DATA TO PROCESS:
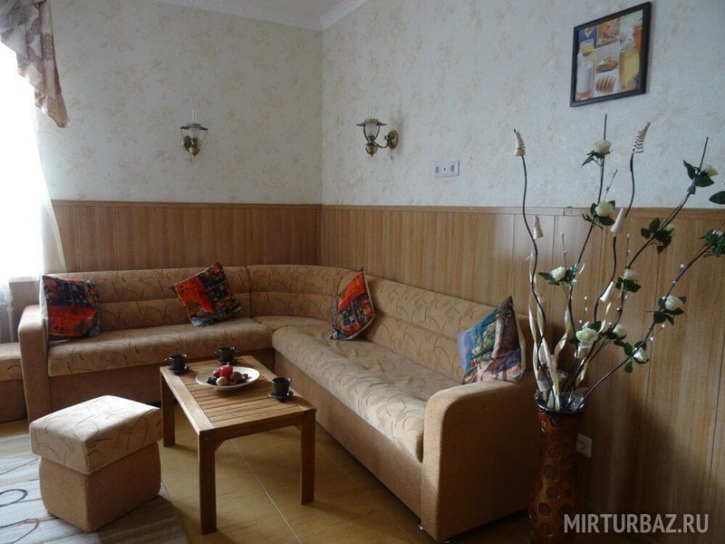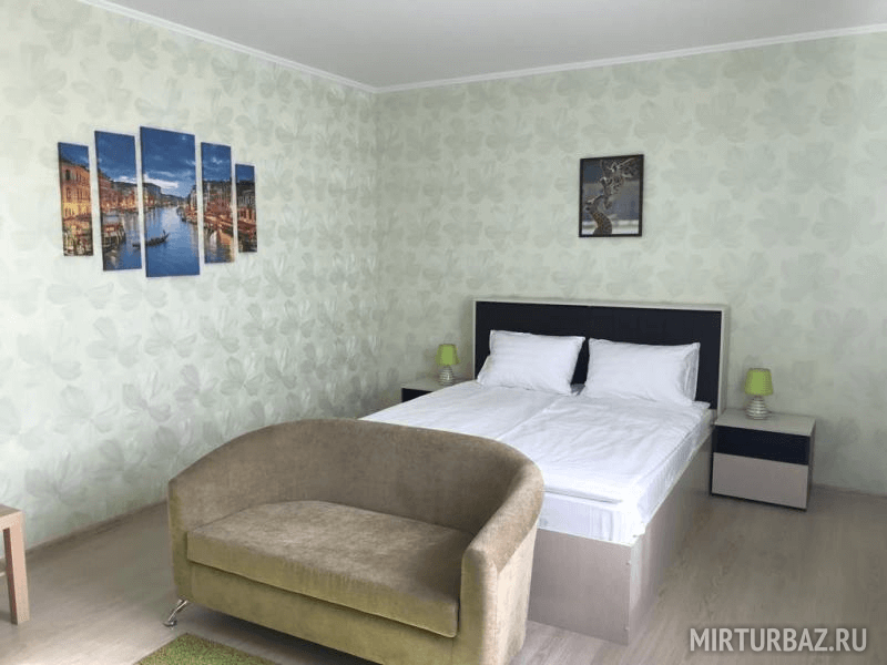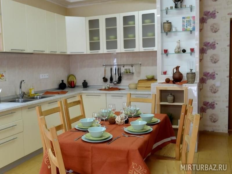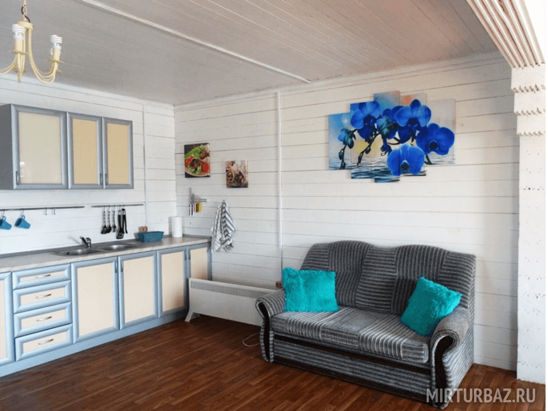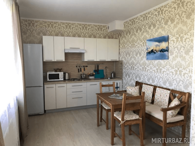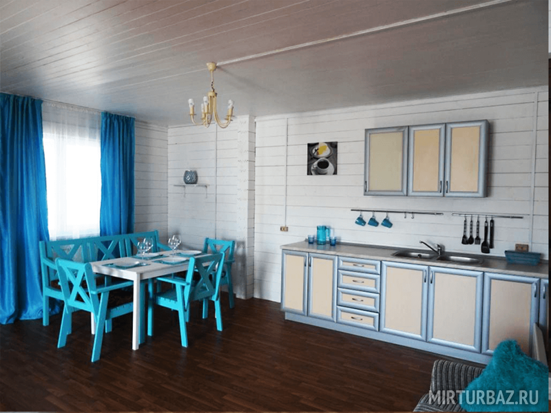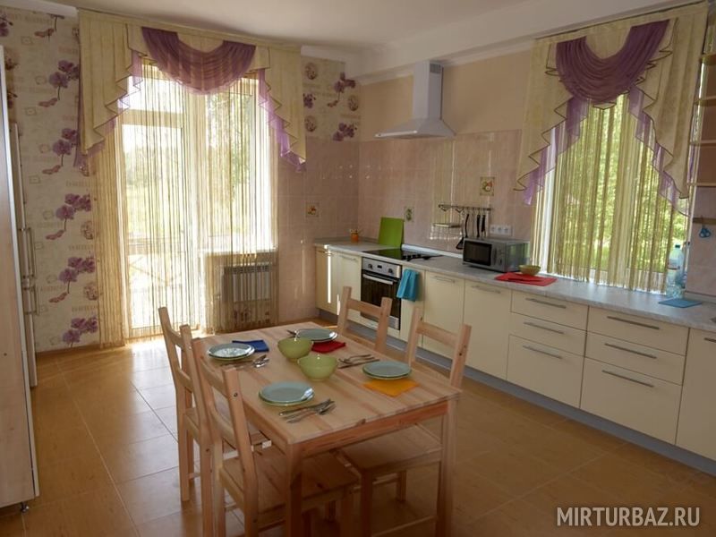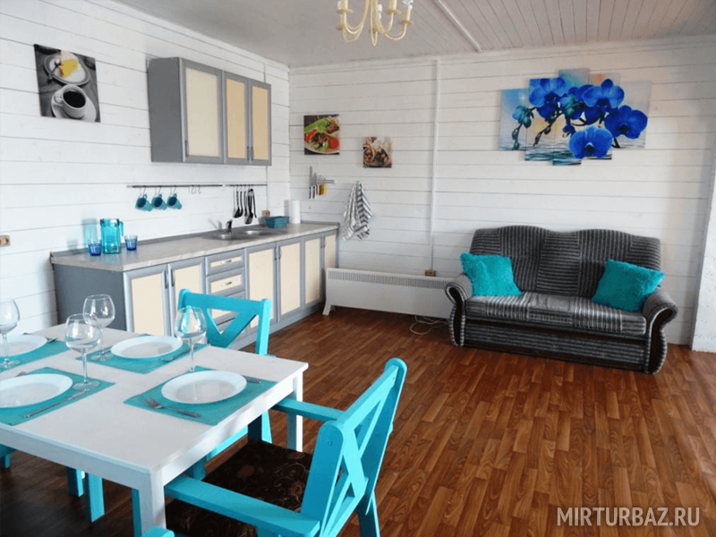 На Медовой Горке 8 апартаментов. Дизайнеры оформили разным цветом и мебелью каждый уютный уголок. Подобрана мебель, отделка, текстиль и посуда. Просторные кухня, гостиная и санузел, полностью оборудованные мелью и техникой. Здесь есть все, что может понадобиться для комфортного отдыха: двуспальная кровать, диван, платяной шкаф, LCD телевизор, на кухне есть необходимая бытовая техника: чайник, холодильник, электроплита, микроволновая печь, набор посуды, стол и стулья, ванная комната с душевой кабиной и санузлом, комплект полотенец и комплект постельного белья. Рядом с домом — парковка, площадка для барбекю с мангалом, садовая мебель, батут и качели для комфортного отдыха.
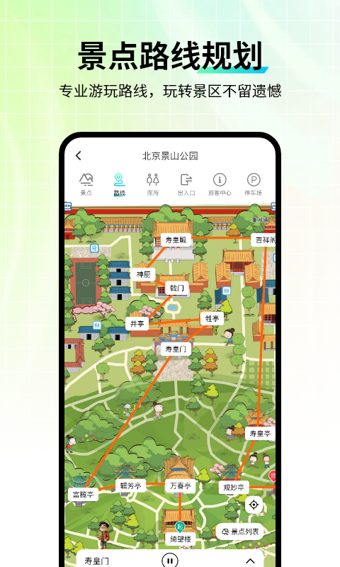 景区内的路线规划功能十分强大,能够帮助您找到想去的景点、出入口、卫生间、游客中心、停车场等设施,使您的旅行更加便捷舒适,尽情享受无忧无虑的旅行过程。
--
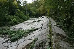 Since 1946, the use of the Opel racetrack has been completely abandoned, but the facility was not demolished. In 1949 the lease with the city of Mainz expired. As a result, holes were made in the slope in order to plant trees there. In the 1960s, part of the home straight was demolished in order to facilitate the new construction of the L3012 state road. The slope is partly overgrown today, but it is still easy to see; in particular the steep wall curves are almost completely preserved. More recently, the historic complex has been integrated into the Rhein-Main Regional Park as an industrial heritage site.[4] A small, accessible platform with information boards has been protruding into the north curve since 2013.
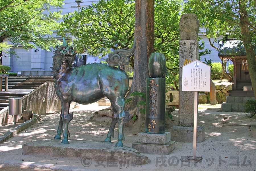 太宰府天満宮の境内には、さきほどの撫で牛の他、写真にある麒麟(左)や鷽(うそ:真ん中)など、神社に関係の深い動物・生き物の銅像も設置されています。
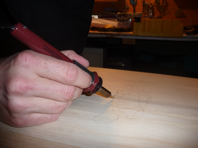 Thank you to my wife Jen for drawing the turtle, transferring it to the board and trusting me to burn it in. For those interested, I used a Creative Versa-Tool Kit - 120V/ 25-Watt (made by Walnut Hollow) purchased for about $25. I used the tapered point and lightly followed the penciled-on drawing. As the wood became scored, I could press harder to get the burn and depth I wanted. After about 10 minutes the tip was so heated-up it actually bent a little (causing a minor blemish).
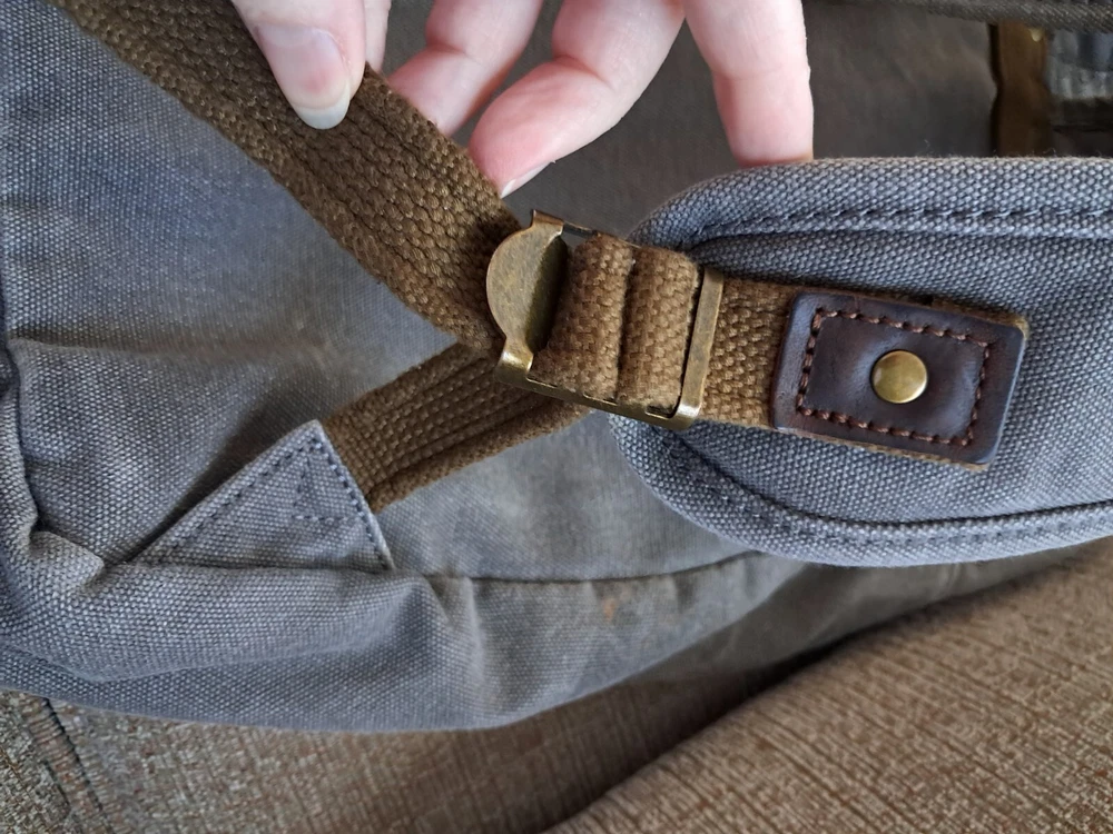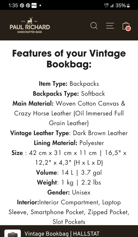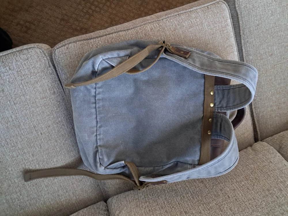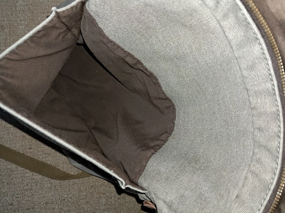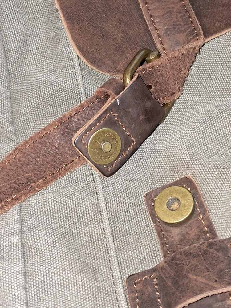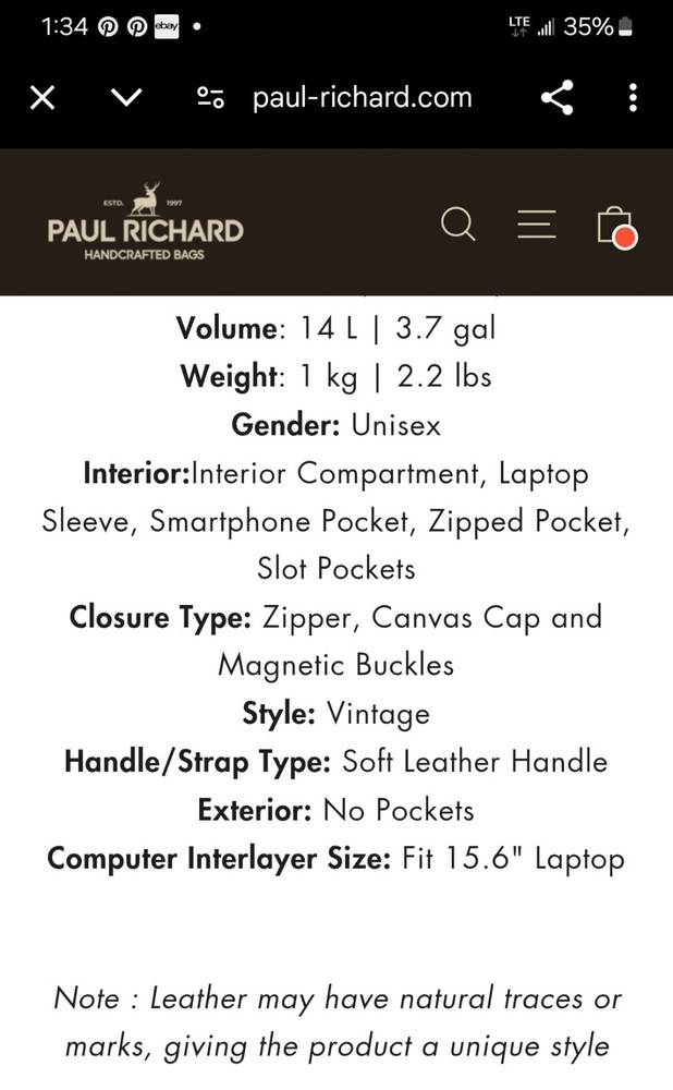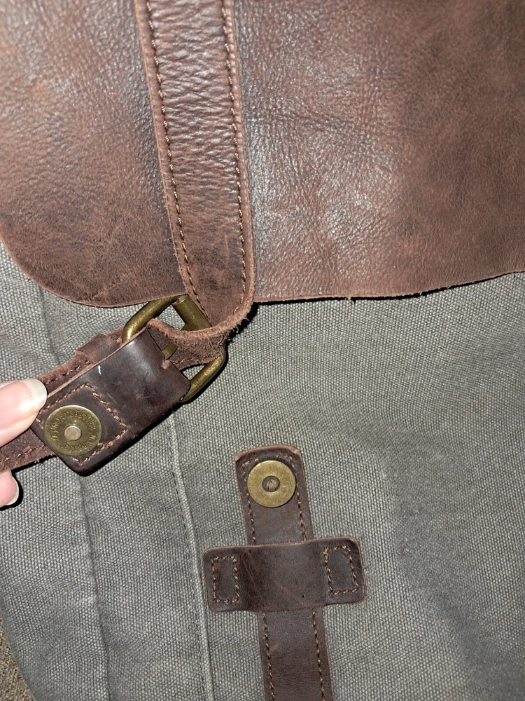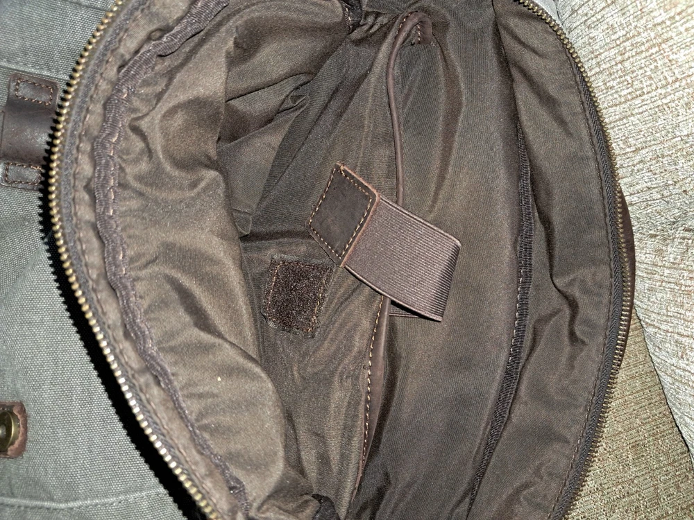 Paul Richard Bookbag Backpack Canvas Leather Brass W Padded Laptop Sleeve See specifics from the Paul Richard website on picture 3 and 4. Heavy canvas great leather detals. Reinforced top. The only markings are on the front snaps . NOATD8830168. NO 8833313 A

WHAT YOU NEED TO DO: Your answer should consist of the lines above between those holding "На Медовой Горке" and "景区内的路线规划功能十分强大", inclusive, reproduced word for word and without pictures.

COMPLETED TASK:
 На Медовой Горке 8 апартаментов. Дизайнеры оформили разным цветом и мебелью каждый уютный уголок. Подобрана мебель, отделка, текстиль и посуда. Просторные кухня, гостиная и санузел, полностью оборудованные мелью и техникой. Здесь есть все, что может понадобиться для комфортного отдыха: двуспальная кровать, диван, платяной шкаф, LCD телевизор, на кухне есть необходимая бытовая техника: чайник, холодильник, электроплита, микроволновая печь, набор посуды, стол и стулья, ванная комната с душевой кабиной и санузлом, комплект полотенец и комплект постельного белья. Рядом с домом — парковка, площадка для барбекю с мангалом, садовая мебель, батут и качели для комфортного отдыха.
 景区内的路线规划功能十分强大,能够帮助您找到想去的景点、出入口、卫生间、游客中心、停车场等设施,使您的旅行更加便捷舒适,尽情享受无忧无虑的旅行过程。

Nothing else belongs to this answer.